Supermind Search Consulting Blog 
Solr - Elasticsearch - Big Data

Posts about programming

Ant, subant and basedir troubles

Posted by Kelvin on 11 Nov 2009 | Tagged as: programming

I just finished setting up a multi-project Ant build system and thought I'd blog about it.

My build requirements were exactly what http://www.exubero.com/ant/dependencies.html described, so I followed the recommendations pretty much to the letter.

However, it bombed in one area. One of my projects had a sub-folder where there were sub-projects and I called their respective ant files using subant. However, the sub-projects' basedir was always set to the super project's basedir and the build never completed properly.

Turns out there's a problem mixing ant and subant (in Ant 1.7.1).
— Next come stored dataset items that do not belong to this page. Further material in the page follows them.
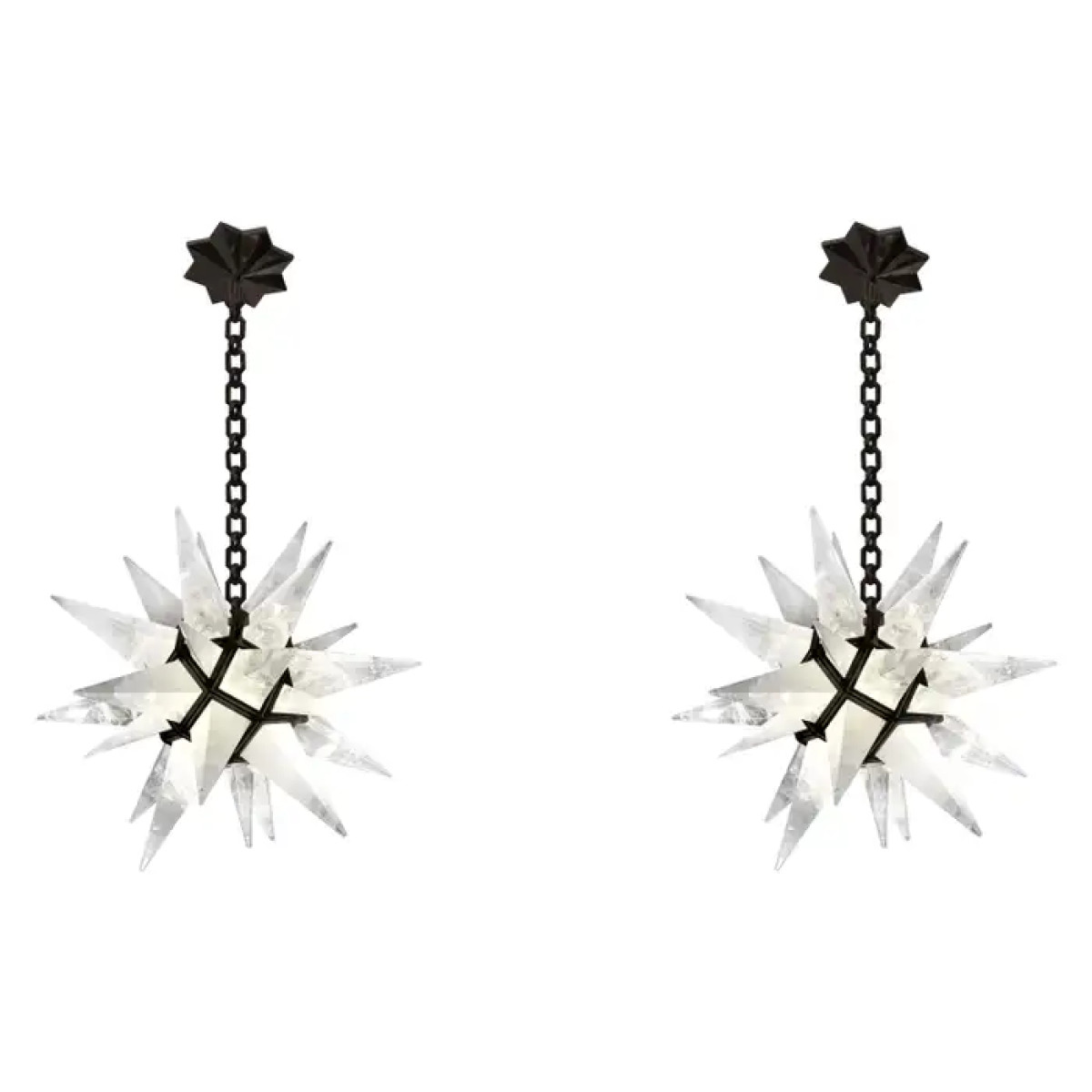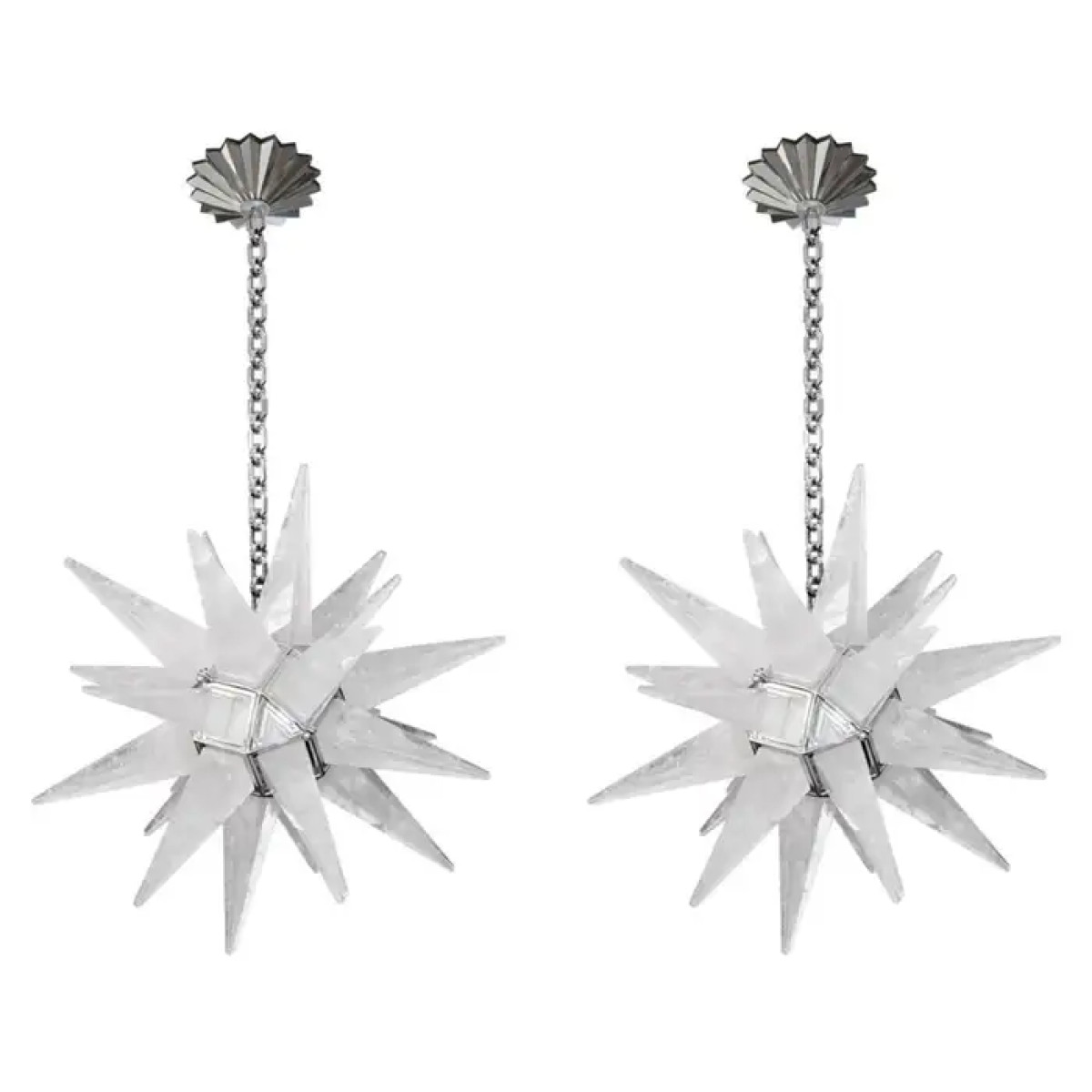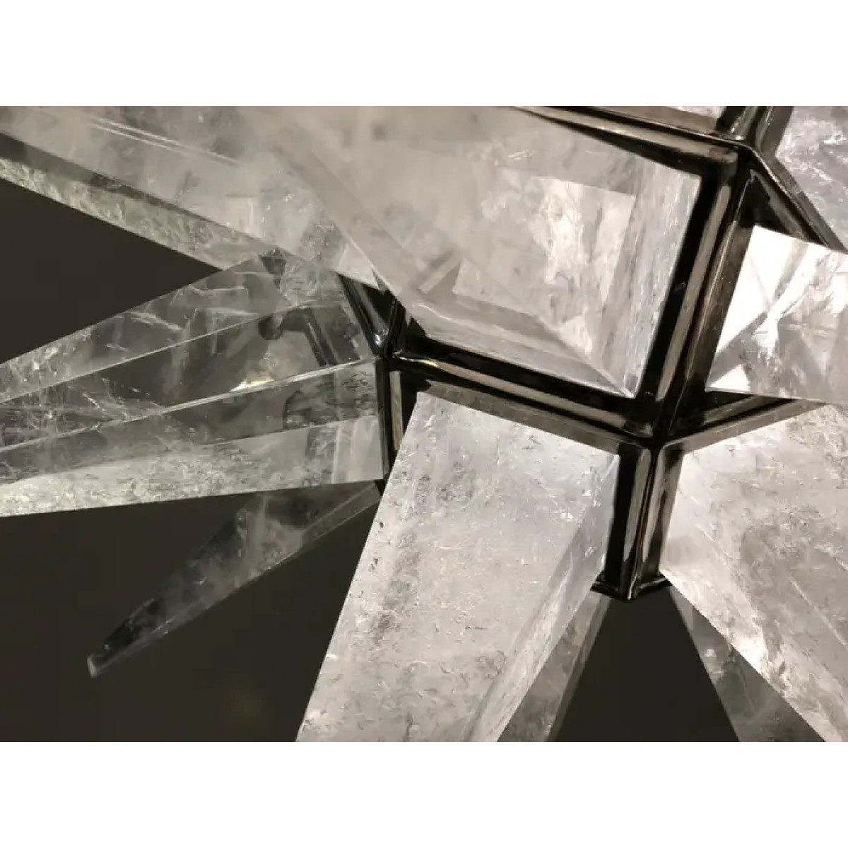 History comes from far away, in a space where time seems to have stopped. Space still virgin, where nature has kept a pristine aspect, where the earth has held unknown treasures, being in Brazil in our case, or Madagascar, a large island in the Indian Ocean. Rock crystal has always been a precious mineral through the ages; from Antiquity to the Renaissance, it was found in palaces and "cabinets of curiosity" sometimes in their natural state called "Etat Brut," or cut shapes without any other artifice. The vogue of rock crystal became in Renaissance times a favorite among rulers who took pride in showing their best pieces in "Kunstkammer" in Vienna, Austria, Dresden, Germany and Prague, Bohemia. There is no collection without this precious mineral, sometimes decorated with gold, silver, enamel or simply engraved (Treasures of Marco, Sainte-Chapelle in Paris, Medici Chapel in Florence and the collections of King Louis XIV kept in the Gallery in The Louvre Museum in Paris). Cool embers with sparkling moon effects, this precious mineral coming from the depths of the earth, has always been a fascination for man. Rock crystal is praised for its beauty, luminosity and transparency, sometimes opaque like a milky substance, depending on the origins of the minerals: It can be found in Madagascar Brazil or even the Alps, all different, in its transparency. His utilization in contemporary lighting, in our case, gives rock crystal its luminosity and contributes beautifully to a fine decor. One can say that rock crystal is shown at his best in a contemporary design.
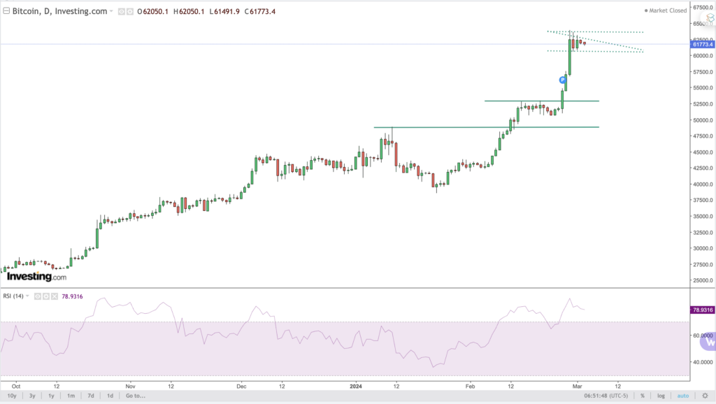 Desde un punto de vista técnico, ruptura de la zona de los 53.000USD e impulso hasta la referencia de los 63.000USD. La superación de los 59.000USD ha sido fulminante y muestra del estado de euforia actual. Tras ese impulso, los precios han pasado a un movimiento de consolidación, generando movimientos brutales en el resto de Altcoins. Son estos momentos de FOMO y de inicio de llegada de inversores retrasados, los que deben mantenernos alerta y extremar la gestión de riesgo. Perder los 60500USD nos abrirá la puerta a ir a buscar los 59.000USD que, de perderse, abren camino a un posible retroceso hasta los 53.000USD. Por arriba, superar los 63.000USD marcarán el camino hacía los máximos históricos. Sobrecompra, exceso de optimismo e inicio de entrada de flujos como catalizadores negativos.
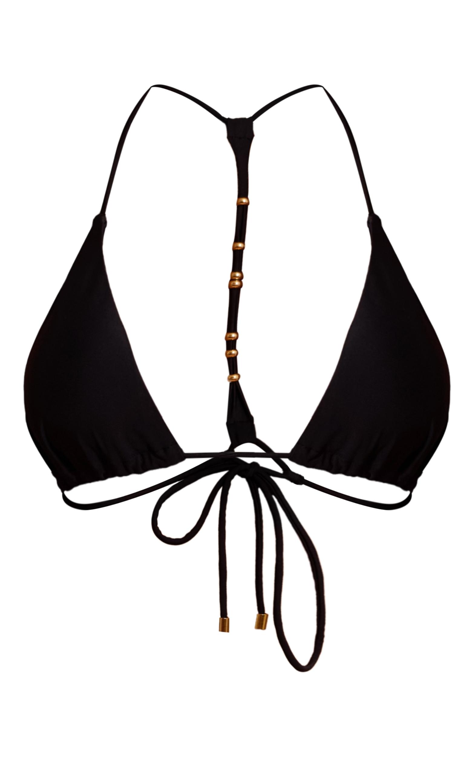 Own the moment in this black bead detail triangle bikini top. Made from black fabric, this top has a classic triangle fit, tie fastenings and bead detailing at the back. Style it with the matching bottoms and sandals for a flawless finish.Length approx 29cm/11.5inch (Based on sample size US 4)Model wears size UK 8/ EU 36/ AUS 8/ US 4Model Height - 5ft 6inchp]:!mb-4inch>Brand: PrettyLittleThingCategory: SwimwearProduct type: Triangle Bikini TopColor: BlackMaterial: SwimOccasion: Day
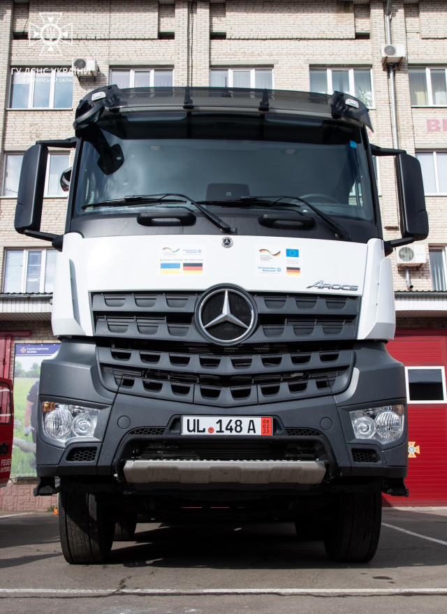 Вантажівка на шасі «мерседес» вантажопідйомністю 27 тонн призначена для перевезення різних матеріалів під час проведення аварійно-рятувальних робіт та для здійснення заходів із запобігання надзвичайним ситуаціям. Мікроавтобус на шасі «фіат» буде використовуватися для перевезення особового складу до місця проведення робіт.
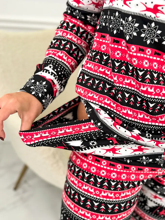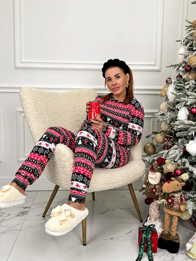 Pihe-piha, meleg pizsama elasztikus anyagból. A nadrág gumis derekú. A modellek M méretet viseltek a fotózáson.
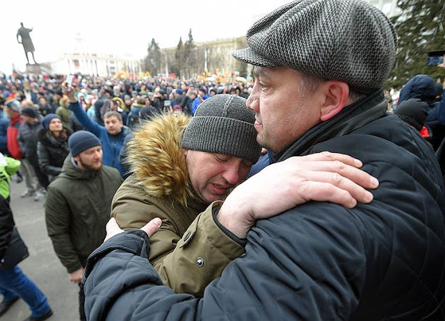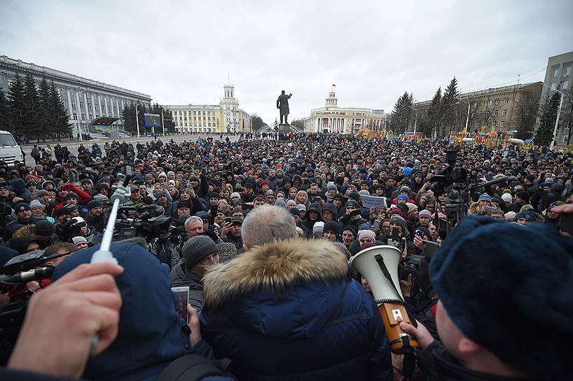 Instead of Putin, First Vice-Governor Vladimir Chernov and Vice-Governor Sergei Tsivilev, newly appointed to this post, went out to the protesters. According to journalists, Tsivilev knelt down and asked forgiveness from those “who got into this difficult situation.” The protesters were not satisfied with this and demanded the resignation of the city Mayor Ilya Sereduk and the governor of the Kemerovo region, Aman Tuleyev. Just resign …
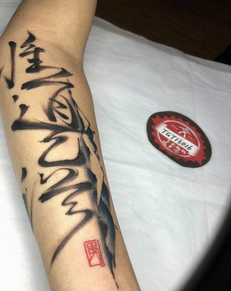 惟道是从纹身图片_手部水墨原创纹身图案
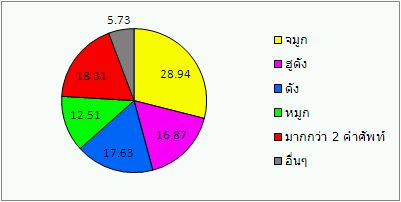 ภาพที่ 3 และ 4 : pie chart และ ตารางของหน่วยอรรถ “จมูก” (พ.ศ. 2545)
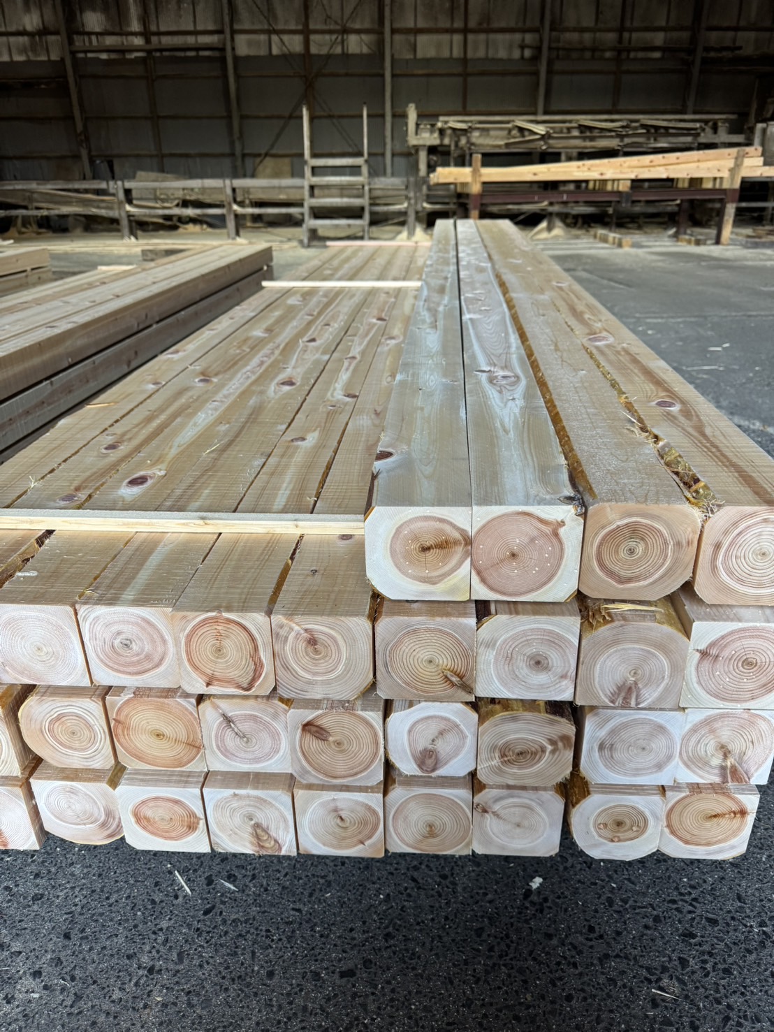 直径が細いため通常は活用されにくい丸太を、9センチ角から10.5センチ角といった寸法に加工し、建築材や土木資材として活用できる形へと仕上げています。
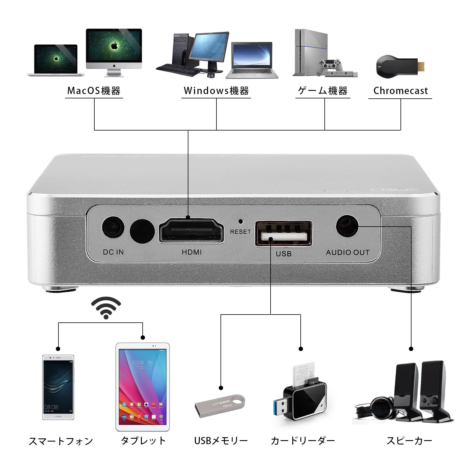 This product is LED projection & small mobile projector, It can connect with smartphone, personal computer, video equipment / game machine etc wired and wirelessly, and can project images.
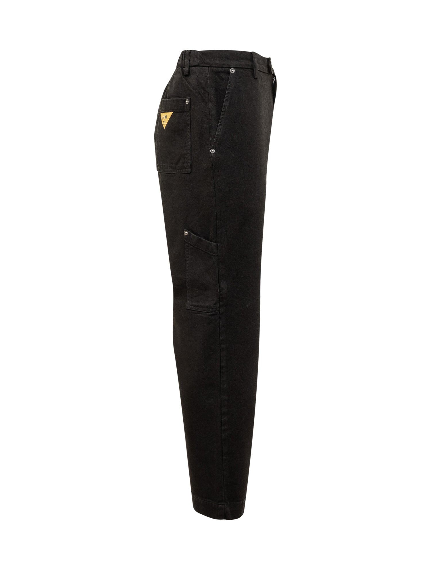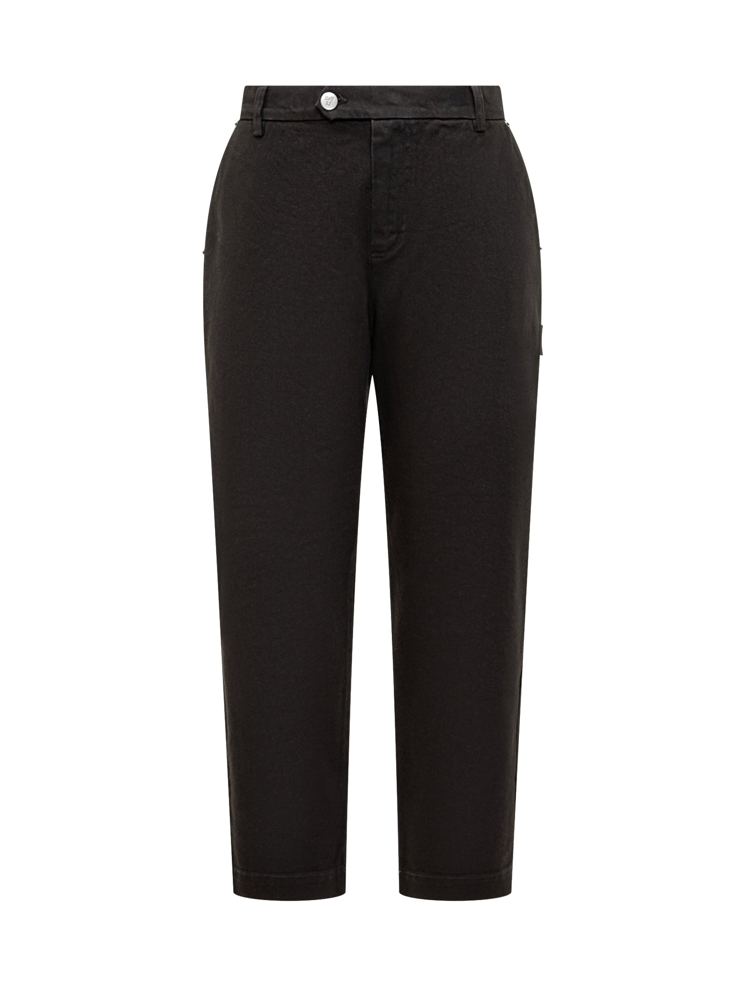 Maison Crazy Worker black stretch cotton pants. Straight-leg design, side pockets.
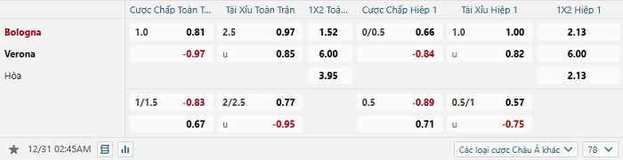 Tip kèo Châu Á hiệp 1 Bologna vs Verona
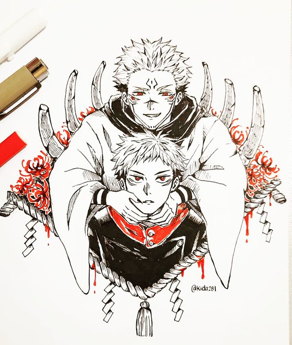 [13/30] #inktober2020 day 13, drawing #itadoriyuuji & #sukuna 🥰 #inktoberday13 Day 13 - rope #呪術廻戦 #JujutsuKaisen #宿儺 #虎杖悠仁

Workaround was simple but finding the problem took me 4 hours. Instead of something like this in dependencies.xml,

<target name="depend.model" depends="depend.utilities">
<ant dir="${dependencies.basedir}/model" inheritAll="false"/>
</target>

do this instead

<target name="depend.model" depends="depend.utilities">
<subant inheritAll="false">
<fileset dir="${dependencies.basedir}/model" includes="build.xml"/>
</subant>
</target>

The subant task is a superset of the ant task so it should be a dropin replacement.

Average length of a URL

Posted by Kelvin on 06 Nov 2009 | Tagged as: programming, Lucene / Solr / Elasticsearch / Nutch, crawling

Aug 16 update: I ran a more comprehensive analysis with a more complete dataset. Find out the new figures for the average length of a URL

I've always been curious what the average length of a URL is, mostly when approximating memory requirements of storing URLs in RAM.

Well, I did a dump of the DMOZ URLs, sorted and uniq-ed the list of URLs.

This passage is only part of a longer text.